Although China is the only major economy that will most likely post GDP growth this year (estimated at 1.9%), its bond market is seen facing strong headwinds in 2021. It is forecast that bond defaults in the Asian giant will continue to rise, with Chinese corporate bond issuers more at risk than their state-owned peers, based on data from Moody’s Investors Service.
This is due to the general financial nature of private companies in China which normally rely on short-term funding and have weaker corporate governance structures. “Although the government’s liquidity measures helped some companies avoid default by enabling short-term refinancing, they did not significantly support long-dated onshore bond issuance,” explains Ivan Chung, associate managing director at Moody’s. “And this reliance on short-term funding paves the way for recurring refinancing needs, raising the default risk for financially weak companies.”
Another financing hurdle facing Chinese private corporate bond issuers is weaker demand for their bonds, despite an increase in foreign investors flocking to the Chinese onshore bond market in search for attractive yields.
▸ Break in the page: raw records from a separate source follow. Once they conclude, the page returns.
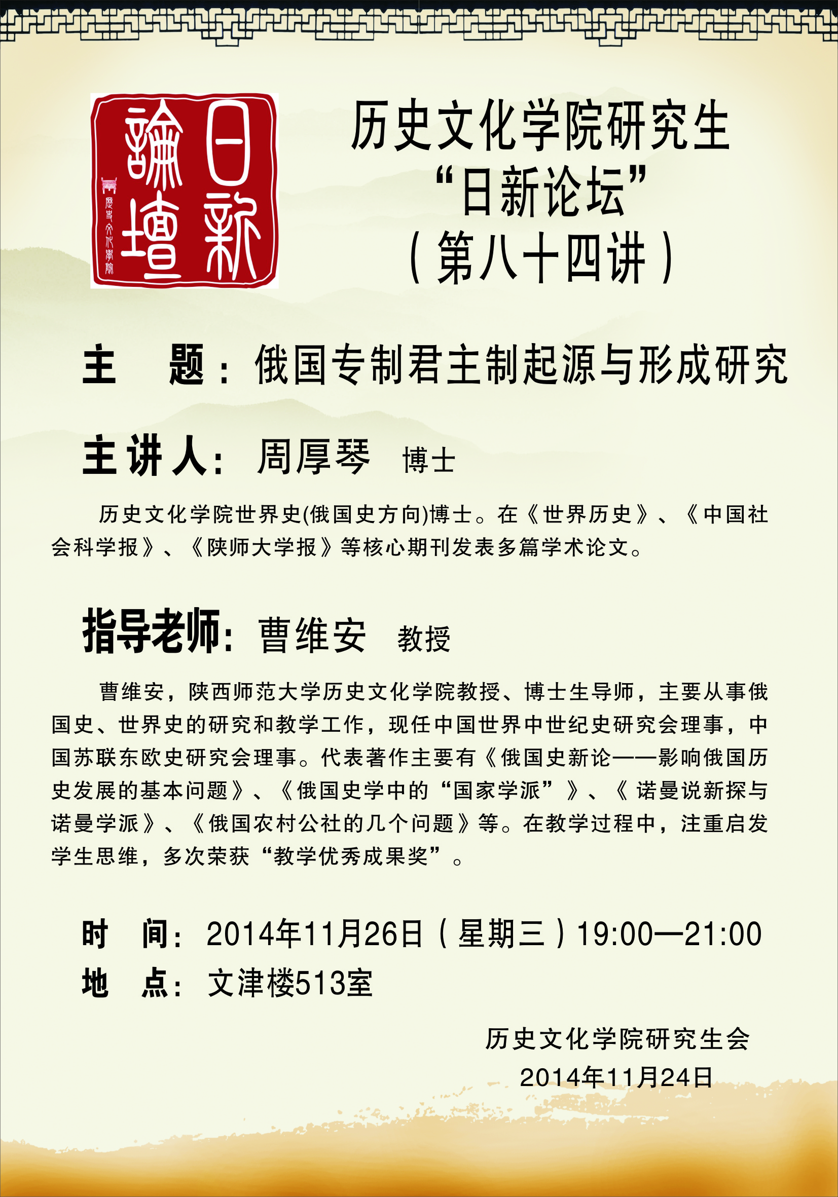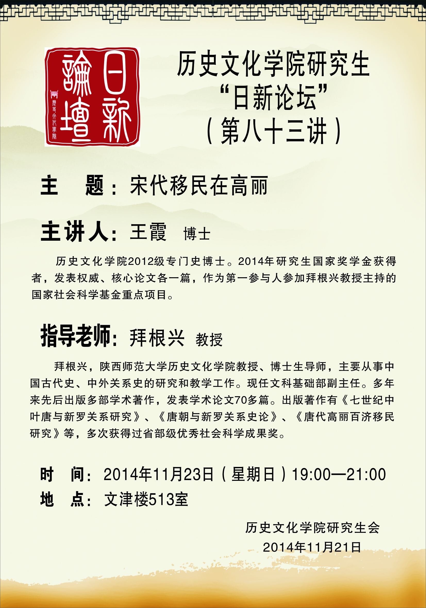 研究生日新论坛83讲预告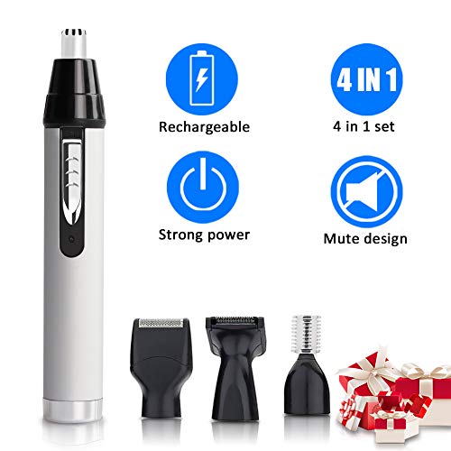 • Nose Hair Trimmer - Electric Eyebrow and Facial Hair Clippers 4 in 1 Rechargeable Mute Motor Waterproof Ear and Nose Hair Trimmer Double-Edge Stainless Steel Blades Tool, Christmas Gift for Men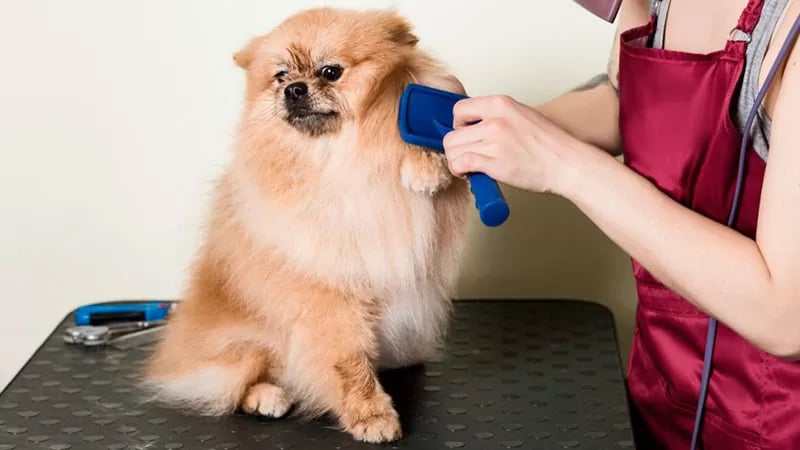 visita a la peluquería aproximadamente una vez al mes para mantenimiento profesional, revisión de la piel y retirada del subpelo compactado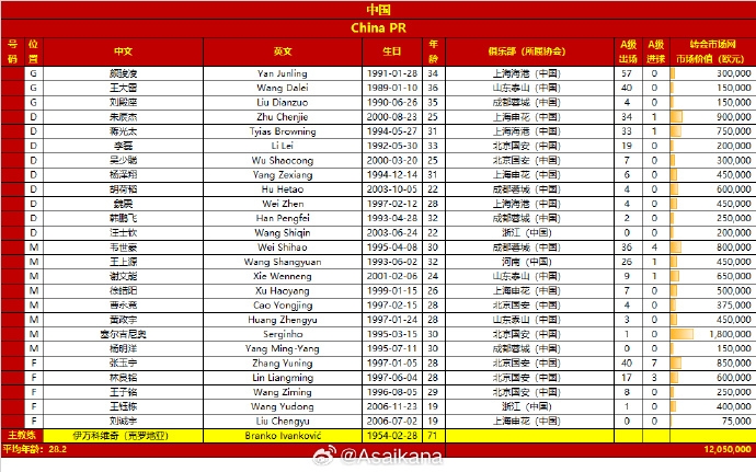 總身價(jià):中國1205萬(wàn)歐元:印度尼西亞3422.5萬(wàn)歐元???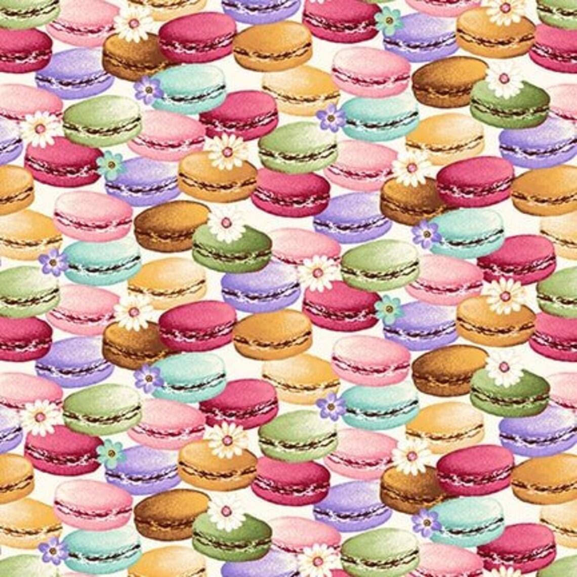 DESCRIPTION: Macaroons Quilting Fabric in Multi by Bella Coco Studios for Henry Glass & Co features a repeating pattern of colorful macarons and small white flowers with yellow centers on a light, cream background.

A vast majority of these foreign investors have participated in central government bonds and bonds from quasi-sovereign policy banks, according to analysis from Fitch Ratings.
The expectation of additional bond defaults in China’s private sector has prompted organizations like the International Monetary Fund to call for reforms in the country’s onshore bond market to protect foreign investors such as access to hedging tools, further clarity around local bond ratings, and further liberalization of China’s capital account.
Despite these issues, China has nonetheless introduced measures to reform the bond market. In July 2020, the Shanghai and Shenzhen stock exchanges under the China Securities Regulatory Commission (CSRC) released formal rules on corporate bond exchanges, an understanding that bond exchanges must be conducted on a voluntary and equal basis. Around the same time, the People’s Bank of China issued a notice detailing the principles for bond defaults and the responsibilities of the various parties involved.